My husband listens to me going on obsessively about Midnight Poison and one evening produces a small vial with a dark blue cap — a precious decant of the original. Even before I unveil the many layers of bubble wrap it’s lovingly swaddled into, I begin to perceive something painfully familiar, something that makes me nostalgic and wistful, something that brings me back. Far back, farther than that first sniff at Sephora, farther than the Goth Cinderella TV ad. Way-way back to my childhood.
It’s the sweet smell of rose and vanilla that emanated from a coral-colored clamshell box my mother gave me to play with when I was maybe four or five. It looked like a powder case, but inside it, there were grooves in white plastic — beds that used to host tiny vials of oil perfumes — or so my mother told me, I only remember the empty box and the smell.

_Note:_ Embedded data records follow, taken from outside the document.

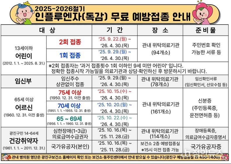 정안뉴스 안정주 기자 | 광진구는 겨울철 호흡기 감염병 확산을 예방하고 구민 건강을 보호하기 위해 인플루엔자 무료 예방접종을 실시한다.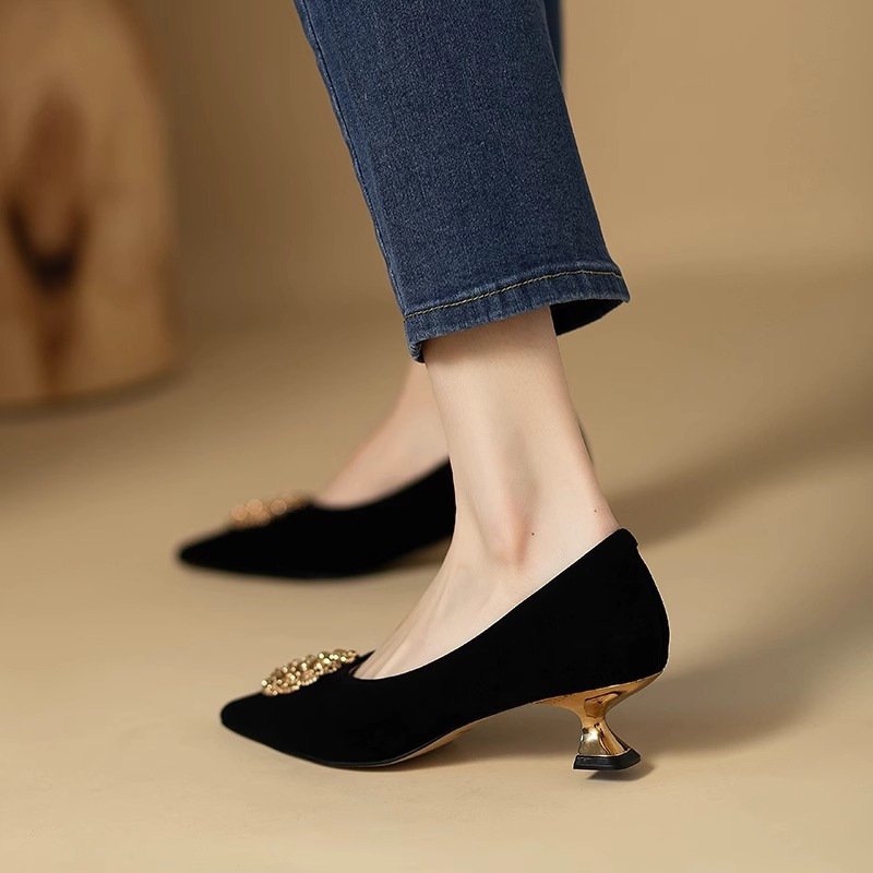 Be the first to review “Commuter French Suede Work Shoes Not Tired Feet Women’s Professional Thin Heel Small Size New Pointed Black Low Heel Shoes” Cancel reply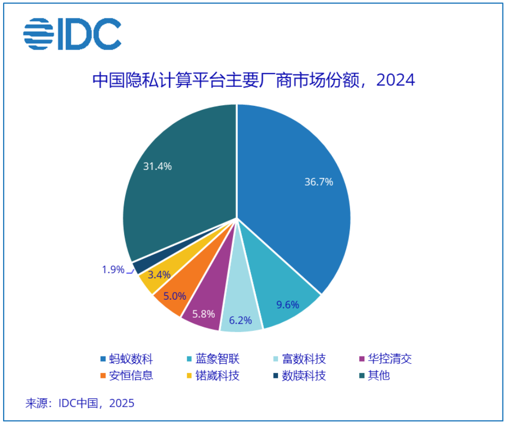 国际数据公司IDC发布了《中国隐私计算平台主要厂商市场份额,2024》,报告显示,2024年,中国隐私计算市场规模达到9.8亿元,同比增长10.1%。其中,蚂蚁数科以36.7%的市场占有率位居首位,这也是蚂蚁数科连续第三年位居中国隐私计算市场份额第一。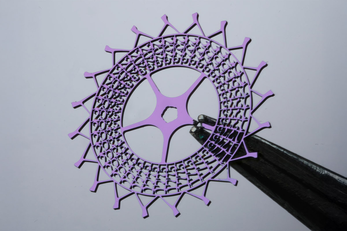 Breguet è stato un pioniere nell’utilizzo del silicio. Già nel 2006 iniziò la propria ricerca su questo materiale diffusissimo in natura eppure ricco di qualità: più leggero ma più duro dell’acciaio, è insensibile all’attrazione e all’influenza magnetica, ed è altamente resistente alla corrosione e all’usura. In più riduce l’inerzia e non richiede lubrificanti. Tagliato al laser, permette di realizzare forme nuove e complesse – o, come dicono i tecnici, di offrire una “libertà geometrica” impressionante – con precisione micrometrica.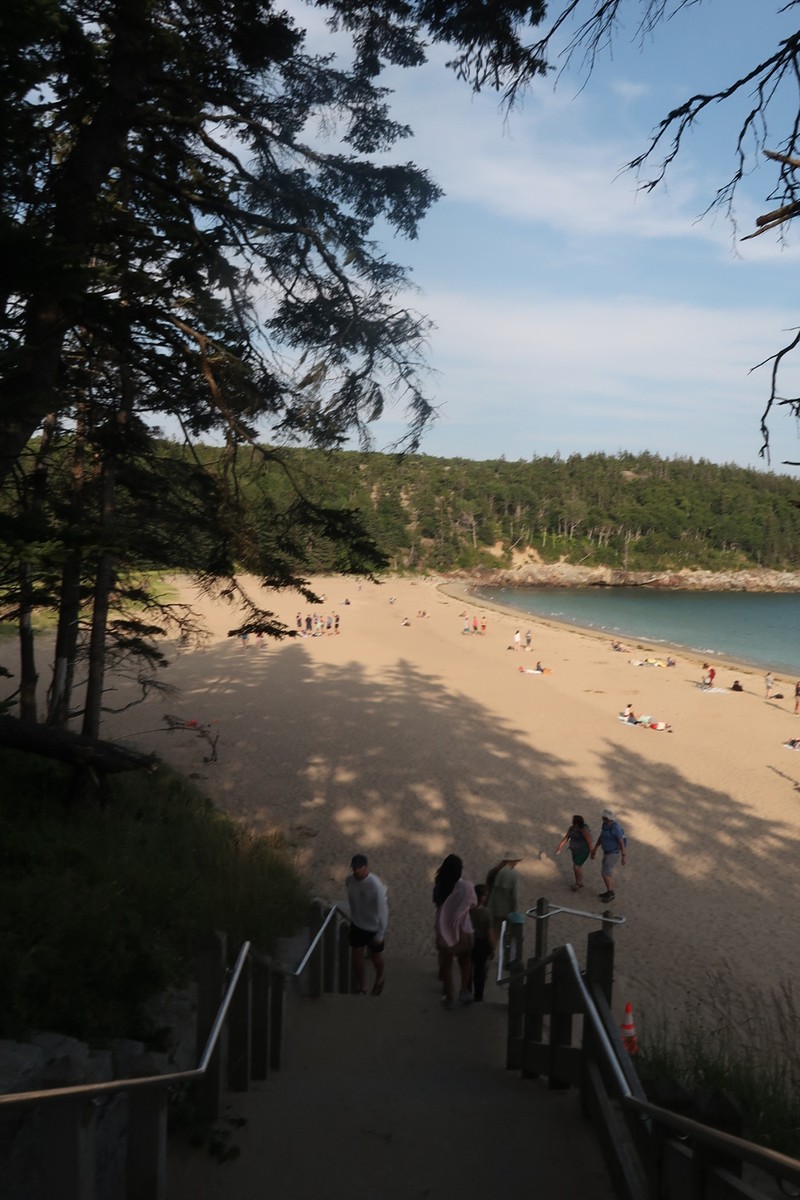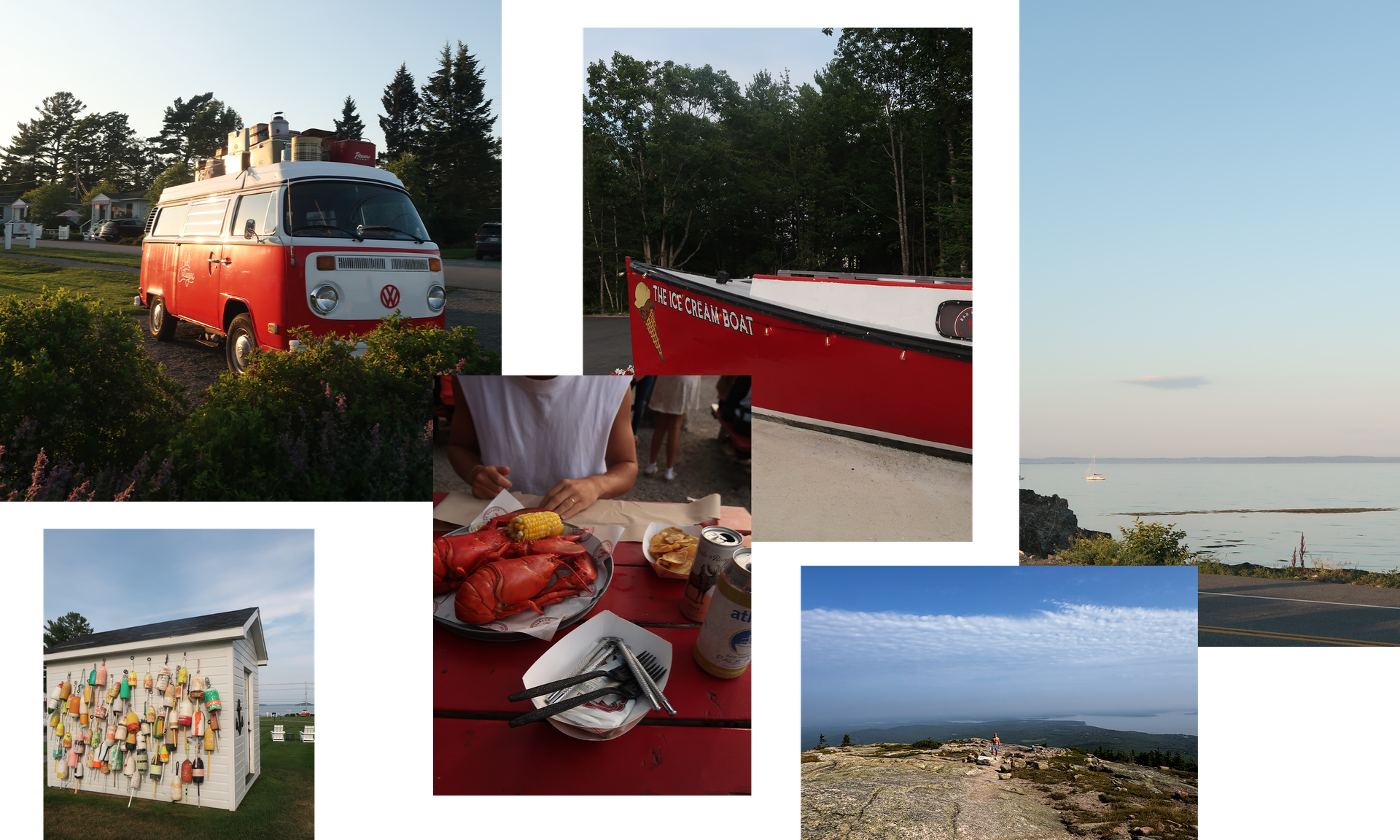 The next few days were made up of challenging hikes, bracing sea swims, perfect lakes and breathtaking views. You can’t move for tourists in some national parks and after battling the crowds in Yellowstone last year, the almost complete isolation we felt in Acadia – as well as the coastal setting – was not taken for granted. We refuelled each morning with blueberry pancakes at Jordan’s Restaurant, a no-frills diner, and ate dinner both nights at Sweet Pea’s Café in Bar Harbor, a festoon-draped winery that makes homemade pizzas and where children run through the vineyards as the sun sets. We had a slightly disastrous attempt at dinner at a local lobster restaurant but returned a few hours later for ice cold beer from giant buckets and blueberry pie and ice cream served from a docked boat and marvelled in the absolute idyllic feeling that this leg had brought us.

The smell… Soft and caressing as sunlight, sweet as summer fruit, warm as beach sand. It’s the smell of dreams lost in the mists of time, safe childcare rooms, happy storybooks, my first summer by the sea.
Why does this perfume smell so different to what I remember trying it in the store? Why does it speak to my soul now?

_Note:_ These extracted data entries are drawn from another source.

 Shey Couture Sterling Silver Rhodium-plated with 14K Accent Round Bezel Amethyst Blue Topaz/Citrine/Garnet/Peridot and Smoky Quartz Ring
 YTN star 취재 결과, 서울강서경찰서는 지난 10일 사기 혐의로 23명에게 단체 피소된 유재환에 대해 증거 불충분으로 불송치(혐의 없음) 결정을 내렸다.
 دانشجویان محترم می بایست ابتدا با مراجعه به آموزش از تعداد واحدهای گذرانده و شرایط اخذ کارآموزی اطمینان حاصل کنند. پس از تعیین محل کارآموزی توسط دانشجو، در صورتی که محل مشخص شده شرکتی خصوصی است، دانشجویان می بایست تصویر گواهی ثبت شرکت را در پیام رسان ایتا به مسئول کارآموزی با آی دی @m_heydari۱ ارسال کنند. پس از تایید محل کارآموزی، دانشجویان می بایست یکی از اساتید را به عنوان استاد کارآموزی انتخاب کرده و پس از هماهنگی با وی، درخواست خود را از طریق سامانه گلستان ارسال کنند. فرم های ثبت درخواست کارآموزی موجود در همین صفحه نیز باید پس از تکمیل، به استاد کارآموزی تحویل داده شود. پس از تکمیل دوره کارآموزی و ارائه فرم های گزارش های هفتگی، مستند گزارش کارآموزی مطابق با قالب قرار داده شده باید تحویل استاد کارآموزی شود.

When I wear it, I feel safe and loved. I feel invincible. I feel beautiful, strong, worthy. I don’t know why other people love Midnight Poison — they must have their unique personal reasons. But for me, it’s the smell of my mother’s love, before she became anxious and depressed. When she was young and happy, still used perfumes and eyeshadows, danced at parties — and didn’t cry.

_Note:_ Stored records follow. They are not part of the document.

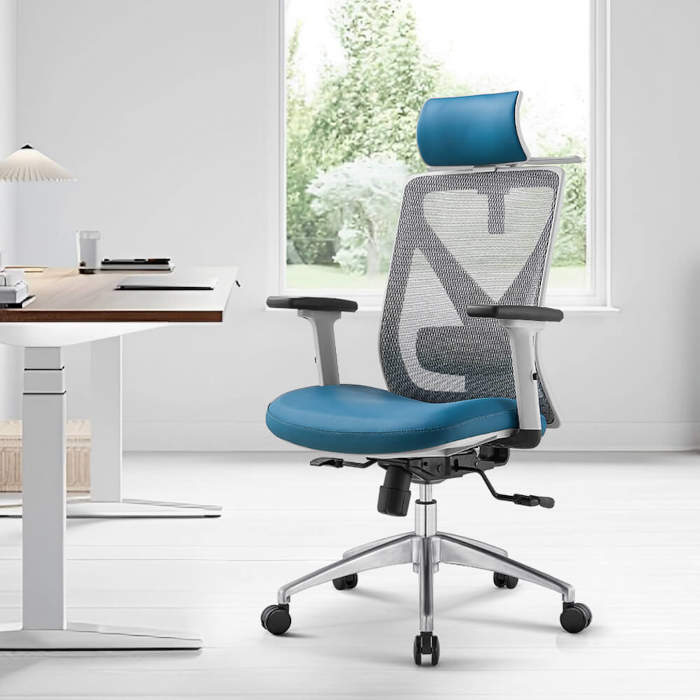 Scaunul ergonomic Mike‑H AL Blue oferă confort sporit pentru lucru îndelungat, combinând spătarul reglabil pe înălțime, suportul lombar ajustabil și tetiera flexibilă. Șezutul din spumă injectată și mecanismul syncron asigură o poziție naturală și relaxată, iar brațele 3D și baza din aluminiu îi cresc stabilitatea și adaptabilitatea. Ideal pentru un birou modern și pentru menținerea unei posturi corecte pe tot parcursul zilei.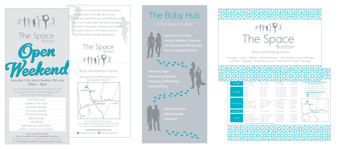 We developed a logo which combined yoga poses with silhouettes of everyday people enjoying movement. It was important to demonstrate The Space was for all types of customer as they needed to illustrate that they offered both wellbeing classes as well as specialised treatments. The logo therefore shows a runner to demonstrate sports massage, a gardener to show treatments for all ages and a young mother to show how they offer classes for babies and parents. The use of grey is designed to give the logo and identity a calming effect and to be used as a colour pallet within the building.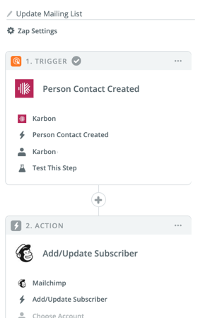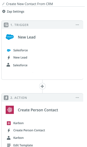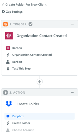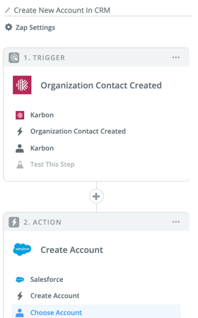 When you create a contact in Karbon, you can ensure that gets updated in your CRM too, by setting up another Zap with reverse steps. When you create an organization contact in Karbon, you can have a new account created in your CRM, like the example below.

It’s the smell of safety and happiness, before distress, before the world became bleak and hostile. It’s the smell of a fairy tale before it became real.
Midnight Poison smells of roses reminding me of my lost home — a land that was famous for the rose oil industry, among other things. It smells of vanilla — sweet, warm, and delectable. Yet it has this dark and melancholic side to it, making it strong and beguiling instead of saccharine and soppy. Those citruses and patchouli that scared me off when I wasn’t ready empower me now. They are there to ward off evil, to shield against all nastiness in the world.
I eventually saved up and I got myself a full bottle of it. Not because it’s discontinued and rare, a true gem to have in any collection (and my collection that started with attempts to find a dupe for Midnight Poison is now spiraling out of control).
No. It’s because of how it makes me feel and what it conjures up from the depth of my memory. It gives me the peace that I lost and the confidence that I always lacked. It completes me and makes me an enchantress who has the power to shape the world as she pleases. An irresistible beautiful witch who can do anything — if she wishes to.
Perfumes are real magic potions — now I know it. The only trick is to find the one that fits you just so. I am one of those unfortunate souls whose potion was discontinued — or fortunate enough to find something so perfectly fitting. That’s a matter of perspective.
Look for yours before it’s lost forever. I promise it exists — your elixir of power, your breath of life, your secret weapon, your consolation, your window to the past — or future, perfumes can do that, you know. Look, try, sniff, perceive, be insatiable — close your eyes and let your heart decide what it desires. This journey, however long, is worth every twist and turn.